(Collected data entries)
******
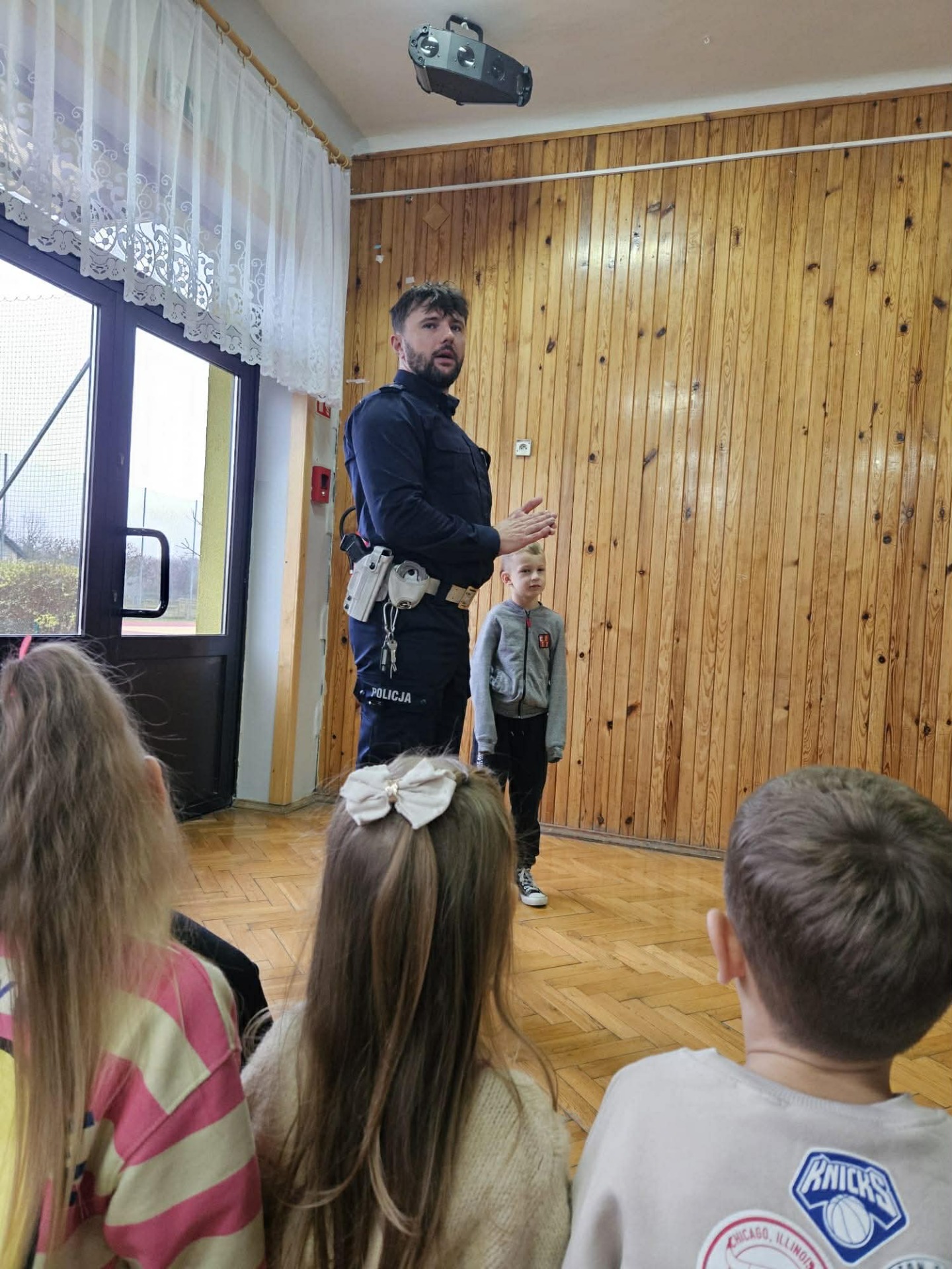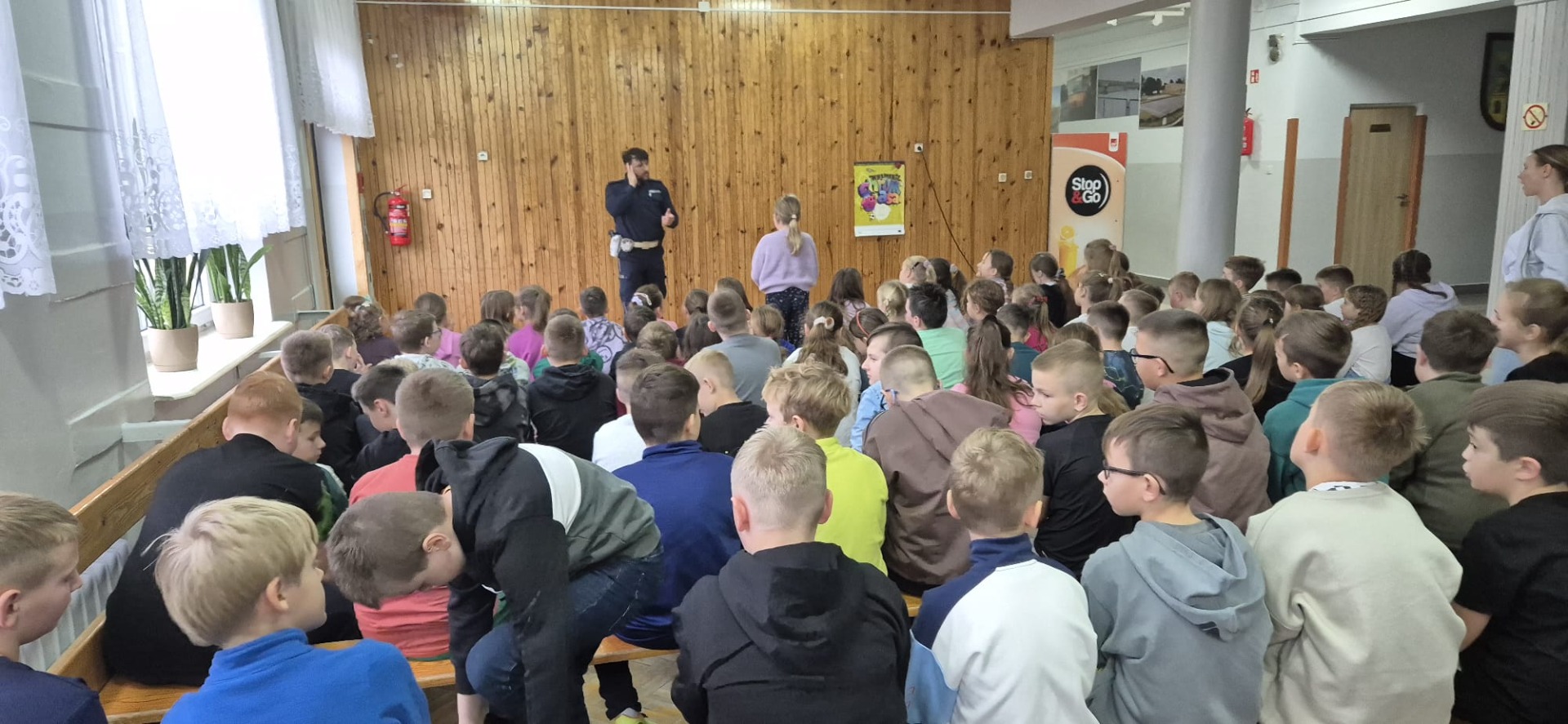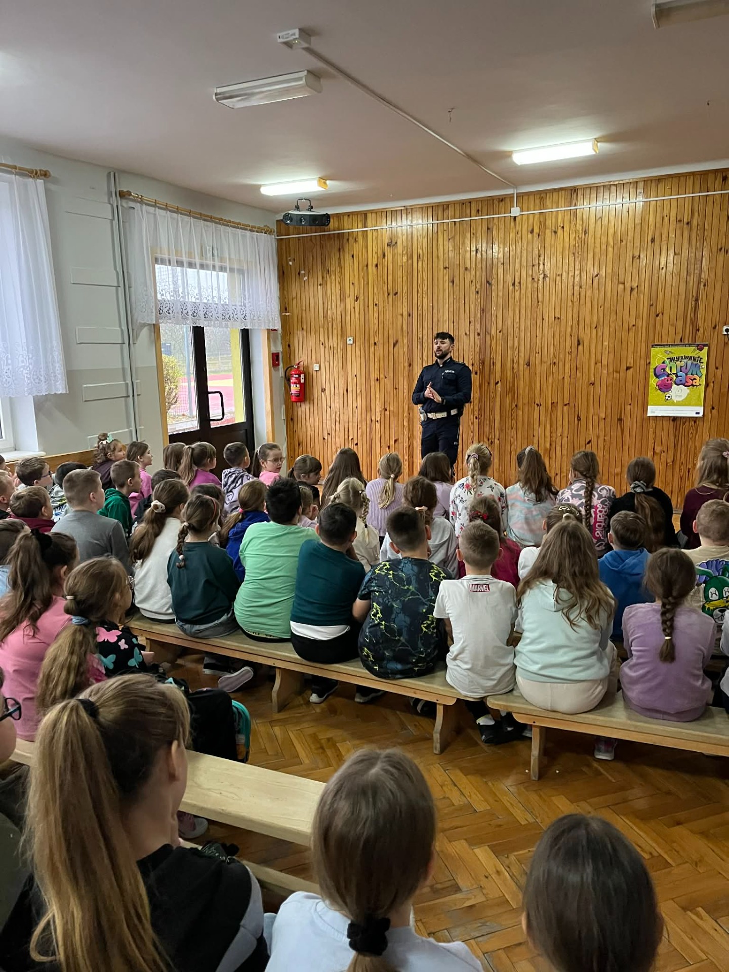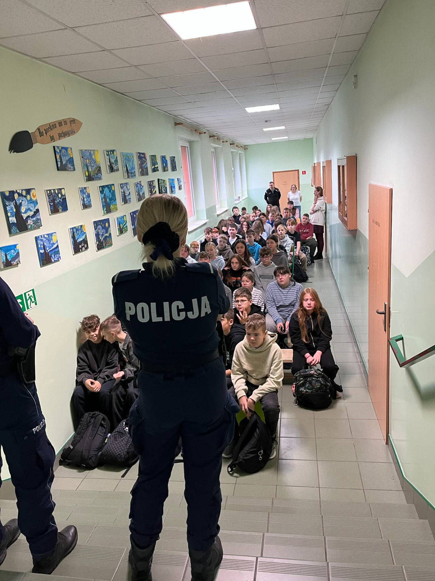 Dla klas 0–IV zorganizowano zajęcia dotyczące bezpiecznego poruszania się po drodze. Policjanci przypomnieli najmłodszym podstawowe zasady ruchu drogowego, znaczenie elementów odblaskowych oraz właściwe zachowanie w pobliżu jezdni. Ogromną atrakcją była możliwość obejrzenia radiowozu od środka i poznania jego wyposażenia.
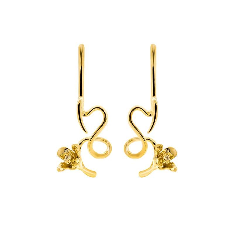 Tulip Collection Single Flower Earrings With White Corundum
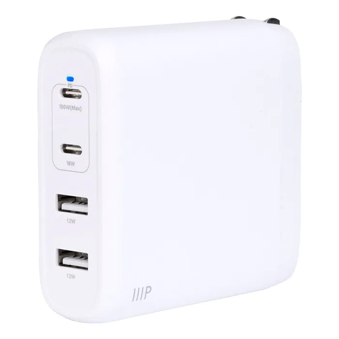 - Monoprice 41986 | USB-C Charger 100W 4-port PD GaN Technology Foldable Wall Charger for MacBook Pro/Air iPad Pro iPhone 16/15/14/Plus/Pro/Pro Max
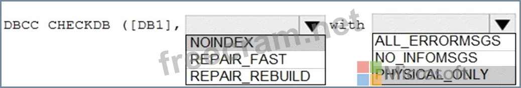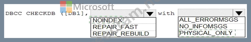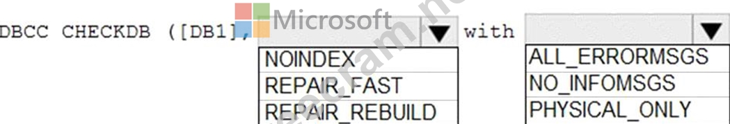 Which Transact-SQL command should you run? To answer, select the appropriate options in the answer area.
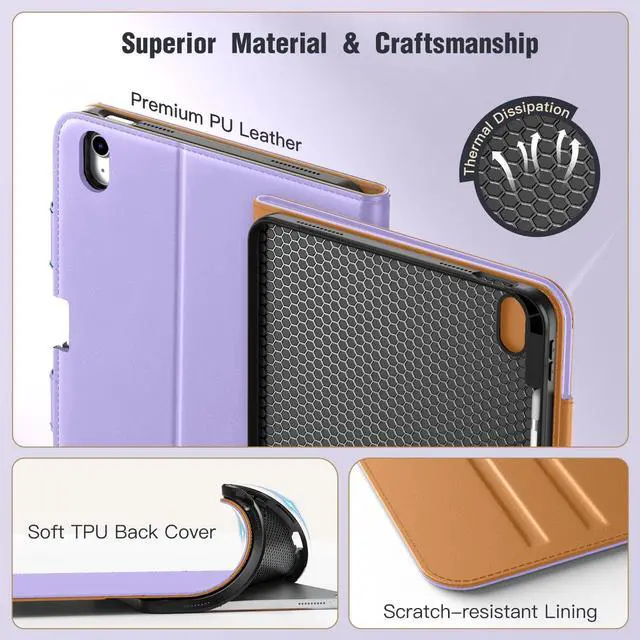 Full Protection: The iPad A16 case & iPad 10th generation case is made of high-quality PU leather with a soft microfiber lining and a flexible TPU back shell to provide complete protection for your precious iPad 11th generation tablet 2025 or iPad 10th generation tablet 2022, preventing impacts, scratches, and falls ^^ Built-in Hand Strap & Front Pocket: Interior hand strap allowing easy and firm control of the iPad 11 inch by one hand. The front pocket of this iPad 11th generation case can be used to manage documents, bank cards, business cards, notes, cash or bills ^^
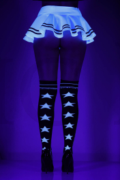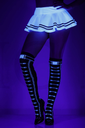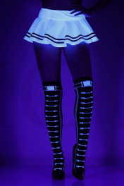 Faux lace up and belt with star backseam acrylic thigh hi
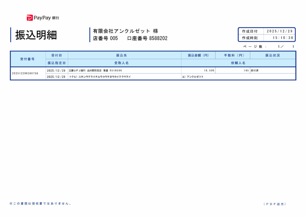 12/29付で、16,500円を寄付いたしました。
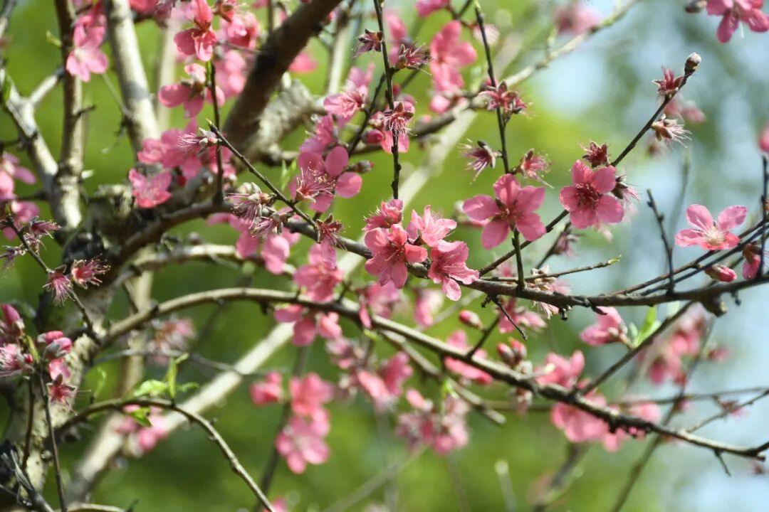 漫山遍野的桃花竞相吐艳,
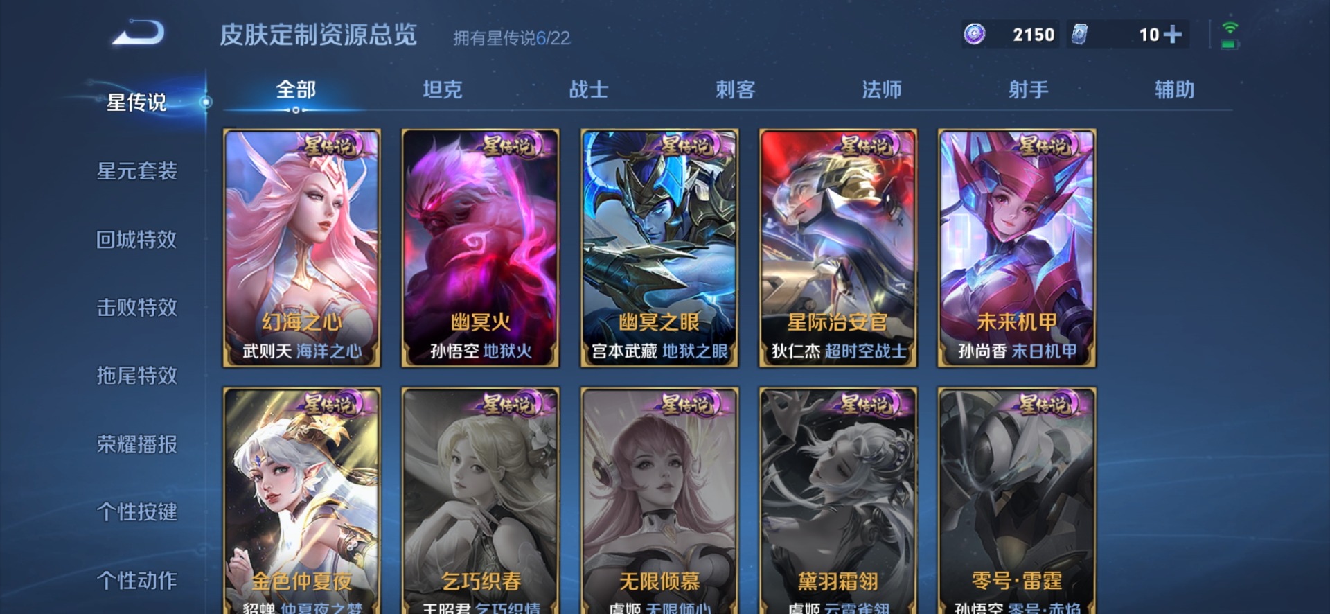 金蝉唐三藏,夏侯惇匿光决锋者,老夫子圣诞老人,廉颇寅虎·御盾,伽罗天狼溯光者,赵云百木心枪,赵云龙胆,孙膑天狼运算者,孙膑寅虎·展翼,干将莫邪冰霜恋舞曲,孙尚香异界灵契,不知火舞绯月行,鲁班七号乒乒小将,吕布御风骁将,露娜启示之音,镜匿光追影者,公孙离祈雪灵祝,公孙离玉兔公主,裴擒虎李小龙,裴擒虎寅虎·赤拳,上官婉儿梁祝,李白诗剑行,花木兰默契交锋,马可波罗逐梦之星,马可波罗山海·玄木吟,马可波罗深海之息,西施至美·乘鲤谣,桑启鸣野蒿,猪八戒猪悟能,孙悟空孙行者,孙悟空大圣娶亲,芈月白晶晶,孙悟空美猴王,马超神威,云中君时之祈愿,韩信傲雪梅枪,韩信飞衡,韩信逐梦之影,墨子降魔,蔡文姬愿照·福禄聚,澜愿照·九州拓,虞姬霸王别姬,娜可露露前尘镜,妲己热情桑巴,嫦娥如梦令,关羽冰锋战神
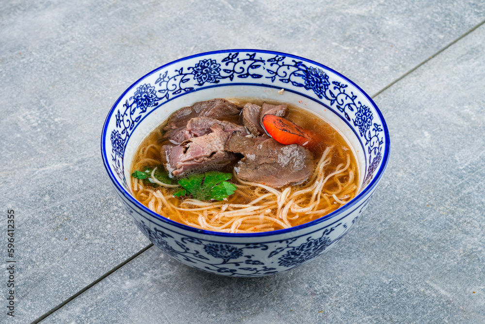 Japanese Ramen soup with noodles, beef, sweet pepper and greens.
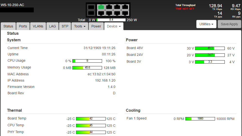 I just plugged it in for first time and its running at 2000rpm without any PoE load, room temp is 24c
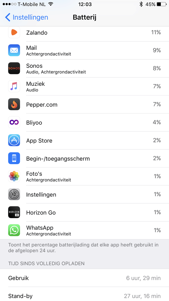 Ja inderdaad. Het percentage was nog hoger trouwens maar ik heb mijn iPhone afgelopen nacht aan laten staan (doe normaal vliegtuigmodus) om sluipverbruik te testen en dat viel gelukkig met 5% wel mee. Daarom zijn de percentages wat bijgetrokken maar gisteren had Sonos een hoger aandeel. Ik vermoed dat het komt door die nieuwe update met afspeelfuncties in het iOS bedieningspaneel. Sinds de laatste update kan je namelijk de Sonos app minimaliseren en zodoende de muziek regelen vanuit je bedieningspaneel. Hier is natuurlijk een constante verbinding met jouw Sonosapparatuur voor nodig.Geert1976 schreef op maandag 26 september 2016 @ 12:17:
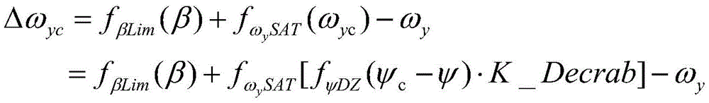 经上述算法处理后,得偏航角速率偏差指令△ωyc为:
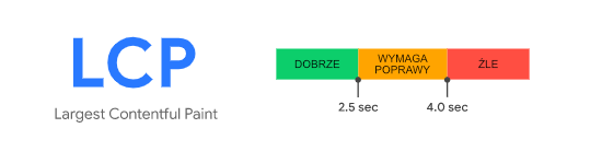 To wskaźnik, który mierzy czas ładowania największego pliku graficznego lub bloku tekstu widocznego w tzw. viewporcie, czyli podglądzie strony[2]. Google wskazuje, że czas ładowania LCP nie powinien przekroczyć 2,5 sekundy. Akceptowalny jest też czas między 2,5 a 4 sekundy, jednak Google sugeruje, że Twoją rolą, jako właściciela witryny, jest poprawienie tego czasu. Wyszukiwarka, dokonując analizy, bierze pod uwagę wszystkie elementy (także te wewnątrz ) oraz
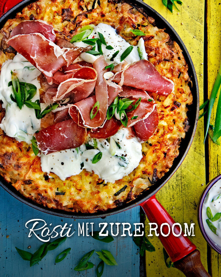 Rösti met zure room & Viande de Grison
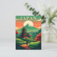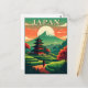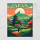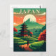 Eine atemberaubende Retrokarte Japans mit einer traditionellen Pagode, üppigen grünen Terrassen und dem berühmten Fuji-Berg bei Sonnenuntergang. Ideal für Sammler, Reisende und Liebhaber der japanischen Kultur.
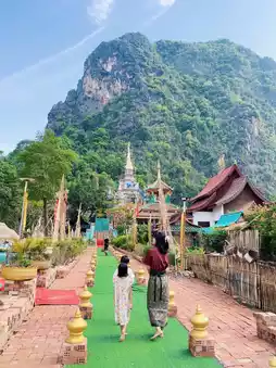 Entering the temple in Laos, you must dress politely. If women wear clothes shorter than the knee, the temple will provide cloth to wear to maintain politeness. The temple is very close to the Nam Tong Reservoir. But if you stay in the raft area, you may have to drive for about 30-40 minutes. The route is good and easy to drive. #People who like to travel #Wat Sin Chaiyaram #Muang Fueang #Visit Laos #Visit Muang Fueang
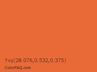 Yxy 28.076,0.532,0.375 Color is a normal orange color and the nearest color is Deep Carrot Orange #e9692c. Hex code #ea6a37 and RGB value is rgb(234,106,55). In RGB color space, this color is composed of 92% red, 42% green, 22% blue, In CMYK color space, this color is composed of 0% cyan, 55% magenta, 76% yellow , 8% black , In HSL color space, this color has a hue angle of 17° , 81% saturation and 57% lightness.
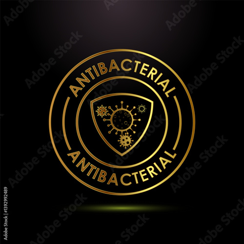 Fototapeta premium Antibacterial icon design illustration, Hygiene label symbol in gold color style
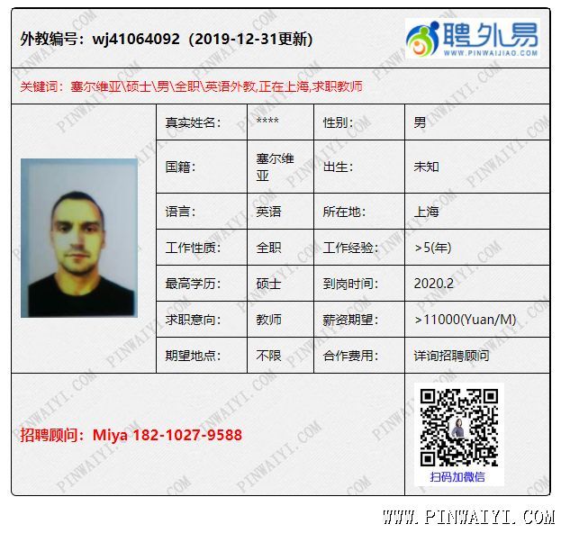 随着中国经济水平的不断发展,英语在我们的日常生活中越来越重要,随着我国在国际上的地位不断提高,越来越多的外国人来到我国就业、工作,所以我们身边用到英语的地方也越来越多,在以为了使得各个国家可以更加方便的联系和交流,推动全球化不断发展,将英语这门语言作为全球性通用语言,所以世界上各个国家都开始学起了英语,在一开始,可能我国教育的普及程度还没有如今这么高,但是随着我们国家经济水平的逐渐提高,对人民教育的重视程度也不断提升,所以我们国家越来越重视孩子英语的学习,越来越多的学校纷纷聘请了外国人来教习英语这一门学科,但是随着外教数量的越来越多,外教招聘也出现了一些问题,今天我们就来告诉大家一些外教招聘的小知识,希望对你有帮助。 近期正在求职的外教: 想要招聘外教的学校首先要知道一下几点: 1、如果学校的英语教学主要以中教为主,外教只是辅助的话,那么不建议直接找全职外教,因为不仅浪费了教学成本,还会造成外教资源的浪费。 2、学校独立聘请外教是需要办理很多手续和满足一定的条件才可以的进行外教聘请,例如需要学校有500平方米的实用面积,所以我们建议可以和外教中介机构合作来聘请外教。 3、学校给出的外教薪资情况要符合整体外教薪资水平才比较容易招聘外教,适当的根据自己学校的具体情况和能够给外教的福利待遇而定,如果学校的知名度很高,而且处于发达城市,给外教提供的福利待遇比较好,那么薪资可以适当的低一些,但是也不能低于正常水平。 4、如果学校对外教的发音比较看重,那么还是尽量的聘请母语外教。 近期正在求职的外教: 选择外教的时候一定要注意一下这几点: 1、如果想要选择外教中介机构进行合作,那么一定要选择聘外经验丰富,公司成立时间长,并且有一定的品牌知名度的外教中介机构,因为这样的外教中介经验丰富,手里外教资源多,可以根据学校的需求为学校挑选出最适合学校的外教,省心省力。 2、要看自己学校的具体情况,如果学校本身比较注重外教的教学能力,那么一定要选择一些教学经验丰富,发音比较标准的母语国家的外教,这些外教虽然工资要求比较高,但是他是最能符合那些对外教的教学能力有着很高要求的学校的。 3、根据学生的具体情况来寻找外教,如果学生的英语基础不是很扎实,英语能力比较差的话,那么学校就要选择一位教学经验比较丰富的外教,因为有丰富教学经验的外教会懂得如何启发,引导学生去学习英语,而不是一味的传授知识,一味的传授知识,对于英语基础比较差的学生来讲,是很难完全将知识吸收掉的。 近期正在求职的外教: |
******
WORK ORDER: Each line from the first line of the data above through the one containing "Which Transact-SQL command" must be set down exactly; the pictures must not be.

PROBLEM SOLUTION:
 Dla klas 0–IV zorganizowano zajęcia dotyczące bezpiecznego poruszania się po drodze. Policjanci przypomnieli najmłodszym podstawowe zasady ruchu drogowego, znaczenie elementów odblaskowych oraz właściwe zachowanie w pobliżu jezdni. Ogromną atrakcją była możliwość obejrzenia radiowozu od środka i poznania jego wyposażenia.
 Tulip Collection Single Flower Earrings With White Corundum
 - Monoprice 41986 | USB-C Charger 100W 4-port PD GaN Technology Foldable Wall Charger for MacBook Pro/Air iPad Pro iPhone 16/15/14/Plus/Pro/Pro Max
 Which Transact-SQL command should you run? To answer, select the appropriate options in the answer area.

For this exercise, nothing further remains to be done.